A prominent law firm weighed in on Maryland’s forensic mental-health crisis this week, filing a lawsuit designed to compel the transfer of mentally ill defendants from jail cells to hospital beds.
“We are seeing our clients not getting treatment, and they’re not healthy,” Mary Pizzo, an attorney and mental-health specialist at Maryland’s Office of the Public Defender, said Friday. “A jail is not the place for them to be.”
The lawsuit, filed on a pro-bono basis by the firm Venable LLP, identifies four individuals with the intent of becoming a class-action filing. The four inmates in the suit are in Baltimore and are clients of the public defender’s office there. Of the four, three are charged with attempted murder and one is charged with first-degree arson.
In all four cases, a judge determined the defendants to be mentally incompetent and a risk to themselves or others — and ordered them to be treated at Clifton T. Perkins Hospital Center, a maximum-security forensic hospital in Howard County.
But that hospital has been beyond its patient capacity for much of the past year, according to state officials, as have the four other psychiatric hospitals that are supposed to take in mentally ill patients from jails.
Throughout Maryland, according to recent counts by the state’s Department of Health and Mental Hygiene (DHMH), 84 jail inmates are waiting for court-ordered bed space. The crisis has ensnared hospitals, jails and judges — and, according to Maryland Gov. Larry Hogan (R), has become a top priority for the state health department.
“We’ll be working very closely with that department to try and find some solutions,” Hogan said Thursday.
Having clients holding in jails when they need hospital treatment is a scene defense attorneys watch play out every day.
“It’s heartbreaking,” said Rich Rydelek, who works for the public defender’s office in Prince George’s County.
Many of his clients, because of the nature of their illnesses, think the world is out to get them. Being confined in a cell affirms their fears, and, when they do mix with other inmates, Rydelek said, they are ill-equipped to deal with them.
“They are potential victims to, at a minimum, ridicule,” Rydelek said. “These people are vulnerable in the environment of a jail in a way that others are not.”
He and other defense attorneys also stressed that in many cases, while their clients are waiting for treatment and held in jails, they have not been tried in court — and could be innocent of their charges.
The crisis of the full hospitals has been developing for more than a year. More people with acute mental illness are showing up at jails, according to corrections officials, yet the number of state hospital beds has not grown.

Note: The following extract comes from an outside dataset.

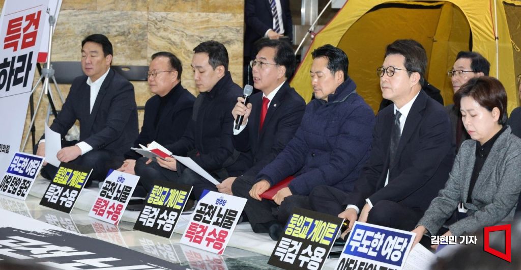 송언석 국민의힘 원내대표가 19일 국회 로텐더홀 농성장에서 열린 최고위원회의에서 발언하고 있다.

The complaint this week named two defendants: the Maryland Department of Health and Mental Hygiene and the department’s secretary, Van T. Mitchell. A spokesman for Mitchell and the department, Chris Garrett, declined to comment Friday, citing a policy of not discussing pending litigation.
In earlier court proceedings, Mitchell and other DHMH officials have said they had limited funds to hire more hospital staffers but stressed that the crisis goes beyond funding. They said that they are having difficulty hiring new staff and are having trouble finding community treatment programs to take in patients from the state hospitals once the patients have improved.
Under Maryland law, mental illness and criminal justice intersect in two major areas.
At the time of an alleged crime, if mental illness kept the suspect from understanding they were breaking the law, they can plead not criminally responsible — commonly known as the insanity defense.
Before that happens, however, there is a stage of the criminal process known as mental competency — which covers the question of whether a person understands their surroundings well enough to participate in court proceedings. It is that part of the legal process that the legal complaint addresses.
In the case of the four Baltimore inmates, a judge had determined they were incompetent to stand trial and ordered them to Perkins for treatment — but they remained locked in jail. Attorneys involved in the litigation said they are trying to identify similar-situated inmates around the state.
According to the complaint, DHMH has not met its “clear legal obligation” to take in mentally incompetent inmates for treatment.
“Rather than complying with these court orders,” the lawsuit states. “DHMH, by its actions and inactions, requires plaintiffs and class members to languish unlawfully in jail or detention facilities.”
The complaint also states that as things now stand, similar claims have been made for individual inmates. DHMH officials, the complaint states, have addressed the one-off cases by “magically finding space in a DHMH facility, while steadfastly failing to change the practice that necessitated the initiation of the enforcement in the first place.”